** Data for processing **
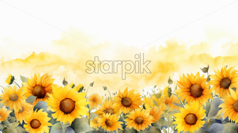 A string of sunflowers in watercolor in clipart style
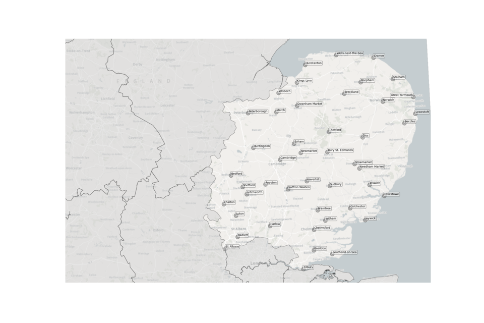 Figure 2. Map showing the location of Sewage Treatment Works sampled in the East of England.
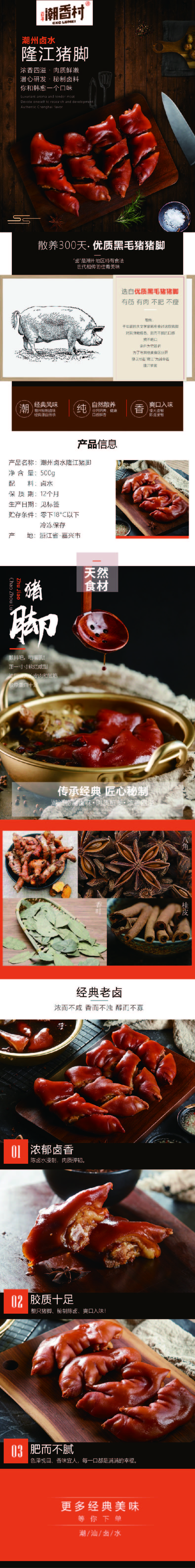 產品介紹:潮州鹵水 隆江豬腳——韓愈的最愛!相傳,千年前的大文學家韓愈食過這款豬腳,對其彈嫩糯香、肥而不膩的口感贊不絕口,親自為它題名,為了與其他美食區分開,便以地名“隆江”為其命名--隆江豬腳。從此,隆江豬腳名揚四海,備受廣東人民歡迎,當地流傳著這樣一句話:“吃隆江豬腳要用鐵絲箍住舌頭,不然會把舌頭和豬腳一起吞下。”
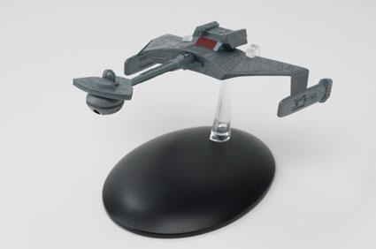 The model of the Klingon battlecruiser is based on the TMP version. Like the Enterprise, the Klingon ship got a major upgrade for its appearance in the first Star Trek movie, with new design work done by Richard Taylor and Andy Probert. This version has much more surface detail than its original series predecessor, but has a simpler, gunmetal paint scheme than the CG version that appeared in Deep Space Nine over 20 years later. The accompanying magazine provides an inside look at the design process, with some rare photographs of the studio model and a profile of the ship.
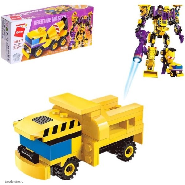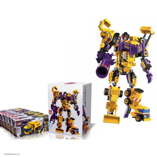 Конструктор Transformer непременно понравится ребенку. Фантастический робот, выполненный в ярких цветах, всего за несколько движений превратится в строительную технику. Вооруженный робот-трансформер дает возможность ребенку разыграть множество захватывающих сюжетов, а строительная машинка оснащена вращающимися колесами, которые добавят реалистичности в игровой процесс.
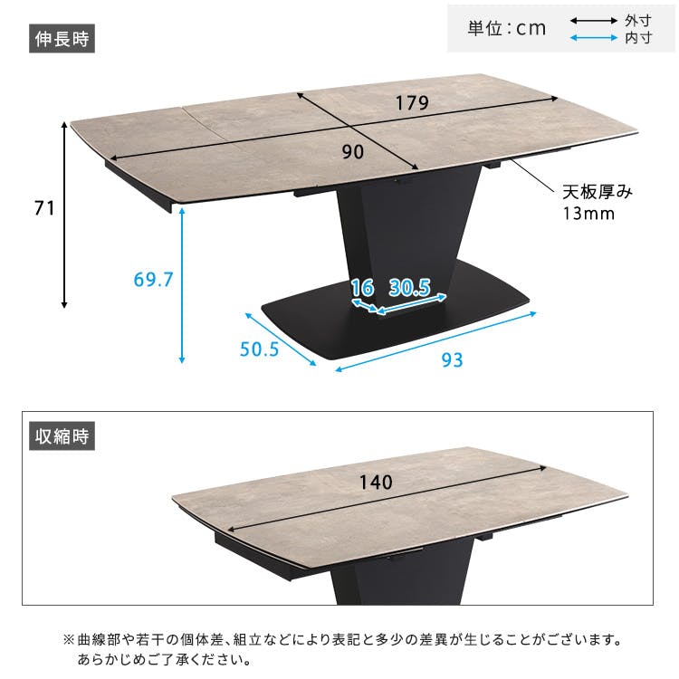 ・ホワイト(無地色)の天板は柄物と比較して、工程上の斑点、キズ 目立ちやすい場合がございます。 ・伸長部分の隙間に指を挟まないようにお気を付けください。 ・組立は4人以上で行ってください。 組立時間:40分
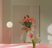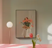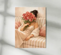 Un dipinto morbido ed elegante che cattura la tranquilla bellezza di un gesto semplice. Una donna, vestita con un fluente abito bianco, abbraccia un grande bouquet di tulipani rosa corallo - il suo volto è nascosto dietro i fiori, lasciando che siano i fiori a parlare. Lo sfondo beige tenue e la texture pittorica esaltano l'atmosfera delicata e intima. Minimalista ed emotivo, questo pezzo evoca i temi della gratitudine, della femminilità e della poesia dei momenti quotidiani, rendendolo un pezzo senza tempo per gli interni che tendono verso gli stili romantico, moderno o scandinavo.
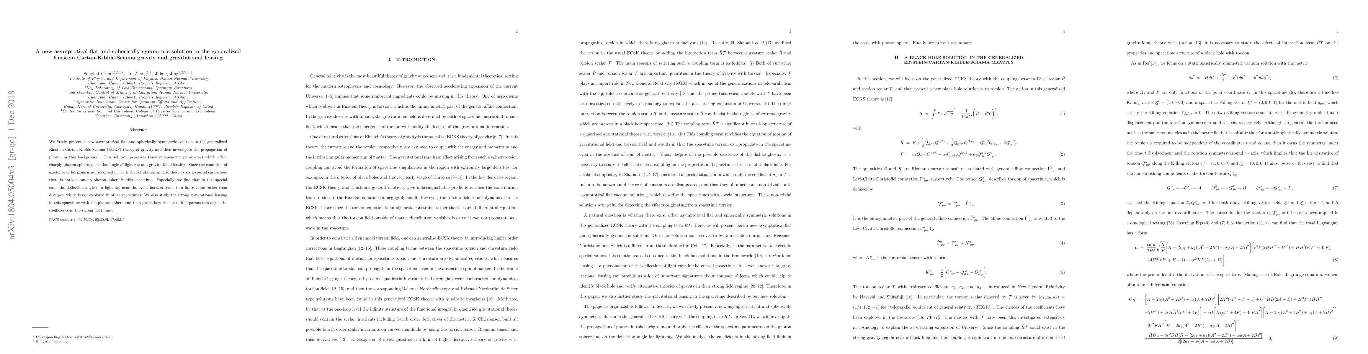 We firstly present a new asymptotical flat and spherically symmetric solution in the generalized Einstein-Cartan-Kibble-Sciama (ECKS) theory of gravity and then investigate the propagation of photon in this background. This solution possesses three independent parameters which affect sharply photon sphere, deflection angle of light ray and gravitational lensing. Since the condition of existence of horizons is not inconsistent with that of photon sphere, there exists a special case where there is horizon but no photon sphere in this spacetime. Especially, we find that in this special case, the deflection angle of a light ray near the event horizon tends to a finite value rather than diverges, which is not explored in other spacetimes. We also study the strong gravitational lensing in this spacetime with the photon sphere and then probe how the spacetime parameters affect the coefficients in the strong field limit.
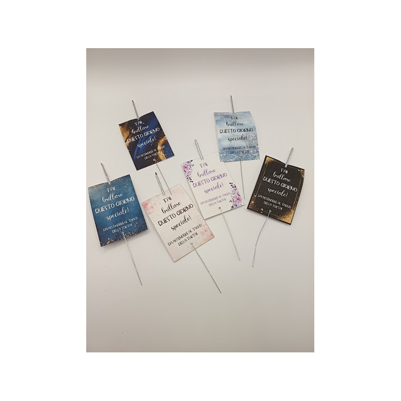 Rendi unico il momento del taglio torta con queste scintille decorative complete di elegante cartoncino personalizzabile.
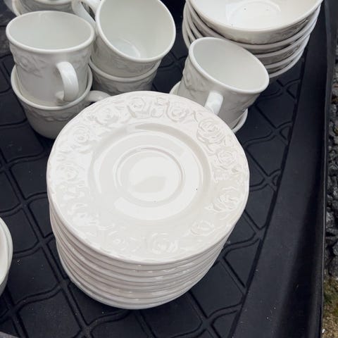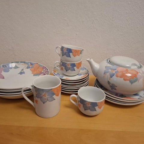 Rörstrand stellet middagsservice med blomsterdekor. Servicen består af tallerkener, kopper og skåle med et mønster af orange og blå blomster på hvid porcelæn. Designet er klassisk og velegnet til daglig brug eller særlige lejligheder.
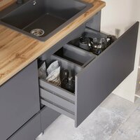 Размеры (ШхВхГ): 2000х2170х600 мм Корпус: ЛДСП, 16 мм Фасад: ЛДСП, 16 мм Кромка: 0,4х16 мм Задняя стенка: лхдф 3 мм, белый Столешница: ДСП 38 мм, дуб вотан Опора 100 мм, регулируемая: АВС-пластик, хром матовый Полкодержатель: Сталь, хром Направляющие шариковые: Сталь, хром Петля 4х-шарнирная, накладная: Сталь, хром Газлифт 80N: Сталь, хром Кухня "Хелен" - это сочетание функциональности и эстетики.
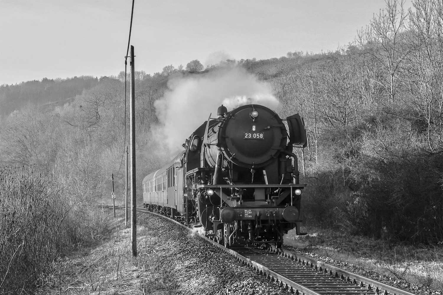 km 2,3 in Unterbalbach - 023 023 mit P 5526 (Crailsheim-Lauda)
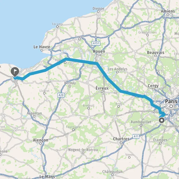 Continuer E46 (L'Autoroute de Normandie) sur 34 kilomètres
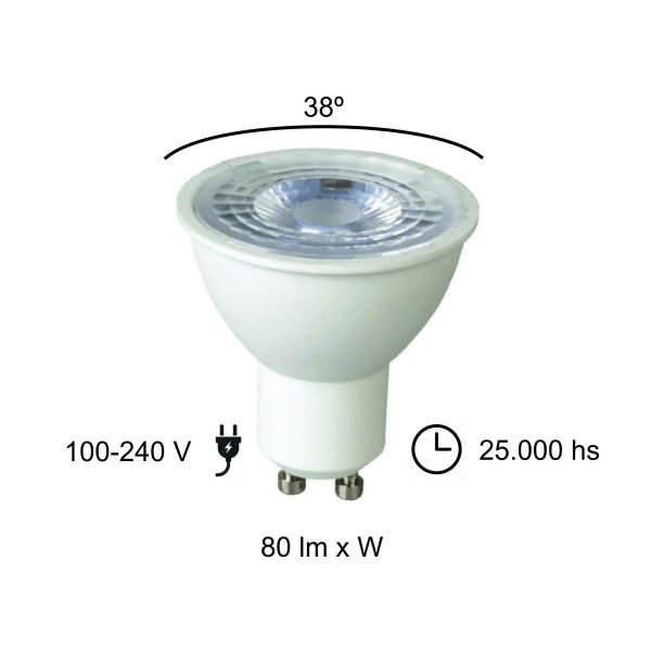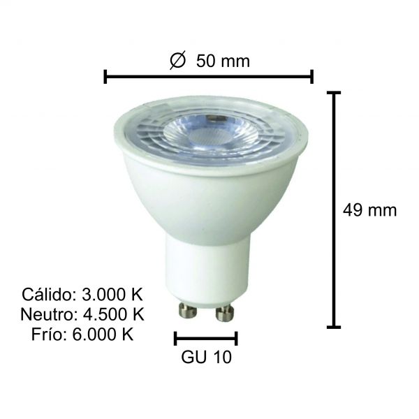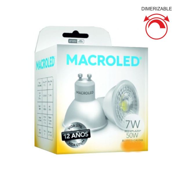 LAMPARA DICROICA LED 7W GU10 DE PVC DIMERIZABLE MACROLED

** Required action **
Starting with the first line of the records above and stopping after the line containing "產品介紹:潮州鹵水 隆江豬腳", repeat every line exactly and leave out the pictures.

** Result **
 A string of sunflowers in watercolor in clipart style
 Figure 2. Map showing the location of Sewage Treatment Works sampled in the East of England.
 產品介紹:潮州鹵水 隆江豬腳——韓愈的最愛!相傳,千年前的大文學家韓愈食過這款豬腳,對其彈嫩糯香、肥而不膩的口感贊不絕口,親自為它題名,為了與其他美食區分開,便以地名“隆江”為其命名--隆江豬腳。從此,隆江豬腳名揚四海,備受廣東人民歡迎,當地流傳著這樣一句話:“吃隆江豬腳要用鐵絲箍住舌頭,不然會把舌頭和豬腳一起吞下。”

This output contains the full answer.